--- MATERIAL FOR THE TASK ---

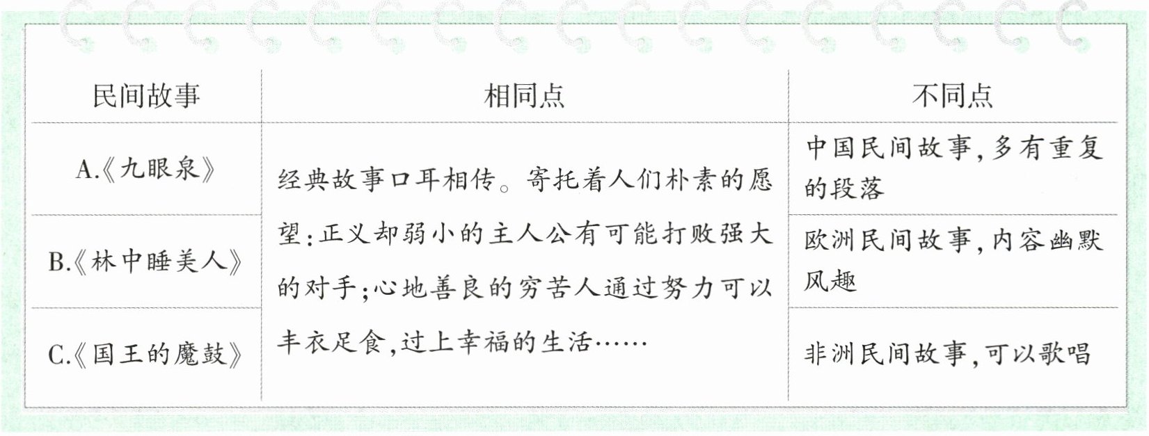 (2)中国民间故事寄托着人们朴素美好的愿望,故事中多有重复的段落。(
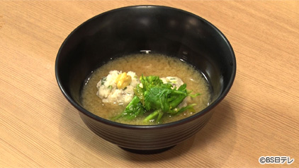②のすり身を丸めて鍋に入れる。3分煮たら味噌を溶き入れ、菜の花を戻し入れ火を止める。 - 5器につみれ2個と菜の花を盛り、汁をはる。落とし辛子をする。
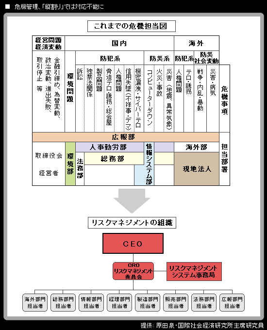 従来、危機に直面した企業は「縦割り」で対処する傾向にあった。しかしそれでは満足な対応はできず、メディア対応などを誤って危機を深める結果を招いてきた。このため、「組織横断」でリスクを管理する体制の構築が不可欠になっている。
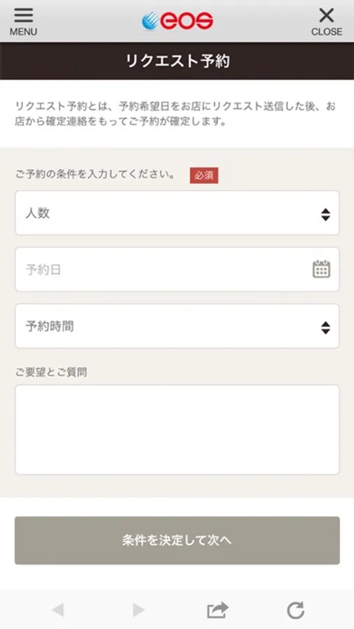 希望のメニュー・日時を指定して送信するだけで予約を依頼できます。
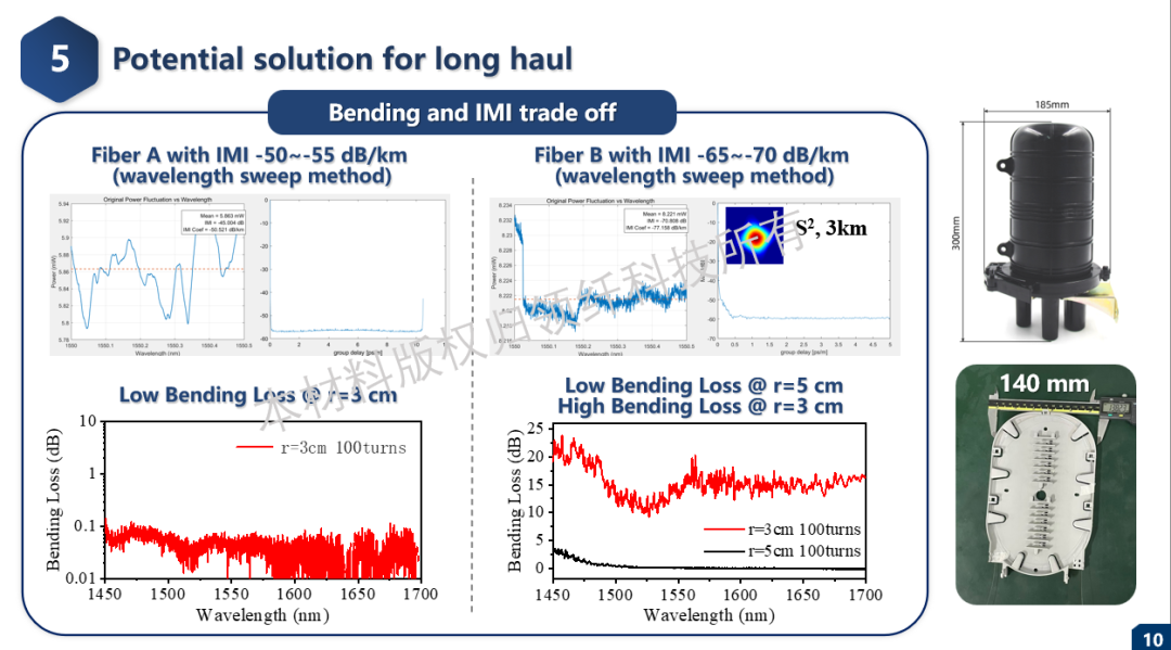这种约束,直接降低了光纤对弯曲的容忍能力。报告判断:这种弯曲能力是可以接受的。因为在实际长距离网络中,典型接头盒的弯曲半径本身就在这一量级,5 cm并不会成为工程瓶颈。这意味着,通过牺牲一部分弯曲性能,可以换取显著更优的传输质量。

---

* WHAT TO WORK ON *
Repeat the records above verbatim, with no pictures in the result.

* SOLUTION TO THIS EXERCISE *
 (2)中国民间故事寄托着人们朴素美好的愿望,故事中多有重复的段落。(
②のすり身を丸めて鍋に入れる。3分煮たら味噌を溶き入れ、菜の花を戻し入れ火を止める。 - 5器につみれ2個と菜の花を盛り、汁をはる。落とし辛子をする。
 従来、危機に直面した企業は「縦割り」で対処する傾向にあった。しかしそれでは満足な対応はできず、メディア対応などを誤って危機を深める結果を招いてきた。このため、「組織横断」でリスクを管理する体制の構築が不可欠になっている。
 希望のメニュー・日時を指定して送信するだけで予約を依頼できます。
这种约束,直接降低了光纤对弯曲的容忍能力。报告判断:这种弯曲能力是可以接受的。因为在实际长距离网络中,典型接头盒的弯曲半径本身就在这一量级,5 cm并不会成为工程瓶颈。这意味着,通过牺牲一部分弯曲性能,可以换取显著更优的传输质量。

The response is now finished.